When Christ came to earth, He restricted His omnipotence, omniscience, and omnipresence, but He did not relinquish His perfect holiness and righteousness. By this, we can easily tell what truly matters to God. God's moral perfection is the center of all His glories.
Edwards wrote that natural excellencies are indeed good things, but they are only good as far as they are guided by moral excellence. For example, power is good in the hands of a good leader, but is terrible in the hands of evil. Wealth is good when it belongs to a generous spirit, but despicable if it belongs to someone selfish. Abundant knowledge is good when used for the benefit of others, but bad if used to deceive people. Beauty is lovely, but becomes bitter if it turns out to be a mask for a wicked heart.
Thus, we have a clear guidance to what exactly should we find attractive about God. It is this truth that keeps us from both the extremes of idolizing God's blessings and despising them altogether, because we know that the blessings (natural excellence) serve to give shape and form to God's love (moral excellence), which is the main thing.
Also, this teaches us to prioritize holy living, because by this we should realize that our greatest way of glorifying God is by faithfulness, not health or wealth or knowledge or influence or beauty. By this, the focus of a saint's life is firmly set.

Love is selfless giving
Several months ago, I was contemplating on the nature of the Gospel.
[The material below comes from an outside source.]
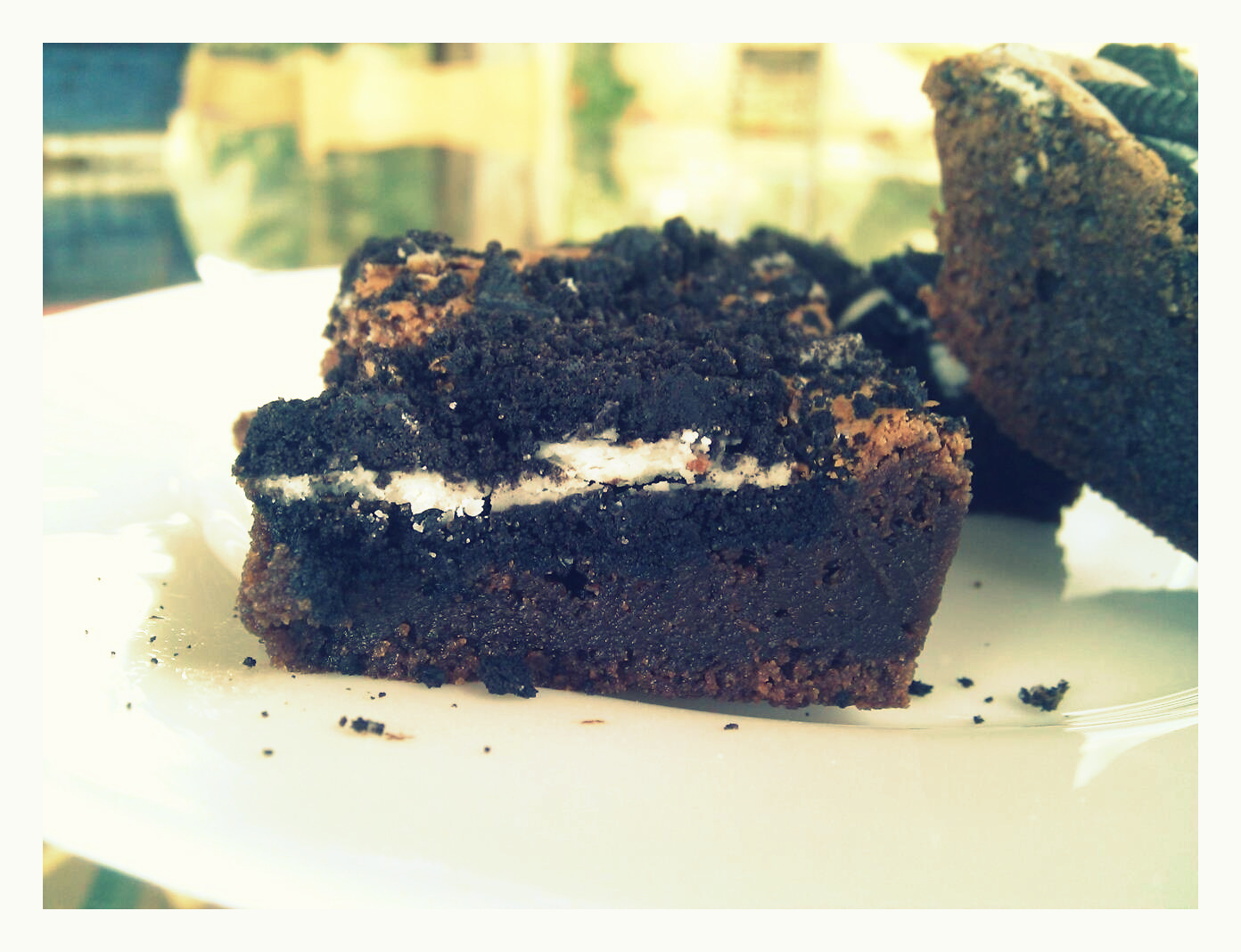 No sabía si hacer cupcakes o muffins y al final ¡acabé haciendo un brownie! No me decidía, me apetecía hacer unos cupcakes de megachocolate, con chocolate y más chocolate por encima, pero a la vez me apetecía algo más fresco y menos empalagoso, ya que las cenas que organiza Tamy todos los veranos son míticas porque acabas lleno de comidaaaa, jijijijiji,. Y se me encendió la bombilla de las ideas (que no se suele encender muy a menudo) y me acordé que tenía una receta guardada por algún rincón del ordenador esperando una ocasión especial. Y dicho y hecho, compré todos los ingredientes y 45 minutos antes de la hora prevista para la cena me puse corriendo a cocinar. Y conforme saqué el brownie del horno, lo puse encima de una bandeja, cogí un trapo para no quemarme y salimos corriendo a casa de mi hermano para cenar. Después de una cena deliciosa que nos preparó Tamy con cosas típicas de Sevilla, sacamos los postres. Y no recuerdo muy bien quien lo compró, pero a Manel también se le encendió la bombilla y dijo: le ponemos mantecado por encima!! (para quien no lo conozca, el mantecado es muy parecido al helado de vainilla, pero más suave, y se usa mucho por esta zona para mezclarlo con el café granizado) y entonces empezó el fenómeno que he bautizado como "magia borras": ¡ahora lo ves, ahora no lo ves! El brownie voló rápidamente de los platos (y eso que yo no le tenía mucha fe, pensaba que no se había hecho bien) y nos quedamos felices y contentos de habernos juntado a cenar (y llenos de comidaaaaa!!!! aaaaaggg!!)La receta la saqué de mi querida página de Directo al paladar y tienen razón, el brownie se queda como si fuera masa cruda, aunque no es masa cruda, tenéis que probarlo para saber a lo que me refiero.En fin, si juntas dos de las cosas más ricas que existen en el mundo, el resultado será algo delicioso, como este brownie de galletas oreo :) Brownie de galletas oreo Ingredientes: 165g. de mantequilla 200g. de chocolate negro troceado (yo usé el chocolate negro de Nestle) 3 huevos grandes 2 yemas 1 C de extracto de vainilla 90g. de azúcar blanco 75g. de azúcar morenos 30g. de harina 1pizca de sal 170g. de galletas oreo (son unas 16 galletas grandes) Preparación: Precalentamos el horno a 180ºC arriba y abajo. Derretirmos el chocolate junto con la mantequilla teniendo cuidado de que no se queme. Reservamos. En otro cuenco ponemos los huevos, las yemas, el azúcar blanco y el moreno, y batimos con la batidora de mano hasta que se monten los huevos y aumente el tamaño de la mezcla. Para montar los huevos es mejor que estén a temperatura ambiente, si están frios no subiran. Añadimos poco a poco el chocolate a la mezcla anterior, y mezclamos despacio para no perder el volumen. Tamizamos la harina y la añadimos junto con la sal. Añadimos el extracto de vainilla y reservamos. Engrasamos el molde con mantequilla y añadimos la masa del brownie. Después ponemos las galletas troceadas por encima y metemos al horno durante 30min. o hasta que el palillo salga limpio. Debéis tener en cuenta el tamaño del molde, cuanto más grande sea menos será el tiempo que necesite dentro del horno, y viceversa. Dejamos enfriar antes de comer. Podéis acompañarlo de helado (ahora venden helado de oreos también) o comerlo sólo. ¡¡No os va a defraudar!! Yo he hecho dos en 3 días, jajajajjaja, y no ha quedado ¡nada de nada! ¡Un besote a tod@s!
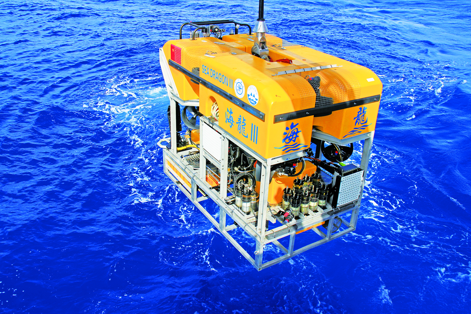 “海龙Ⅲ”是在中国大洋协会组织下、由成人漫画 水下工程研究所开发的勘查作业型无人缆控潜水器,也是中国“蛟龙探海”工程重点装备。它最大作业水深6000米,具备海底自主巡线能力和重型设备作业能力,可搭载多种调查设备和重型取样工具。

This led to my asking of the timeless question, "What is love?"
Through my Scripture reading, I came to conclude that love was seeking the benefit of others. This is indeed the standard and traditional answer, but I could not really believe it. Because if love was to seek the benefit of others, then a perfect love would be a complete devotion of oneself to others. In other words, perfect love would be an utter selflessness. I, of course, thought it was impossible to completely empty myself to care for others, because... well, I simply could not imagine what could motivate one to do such a thing.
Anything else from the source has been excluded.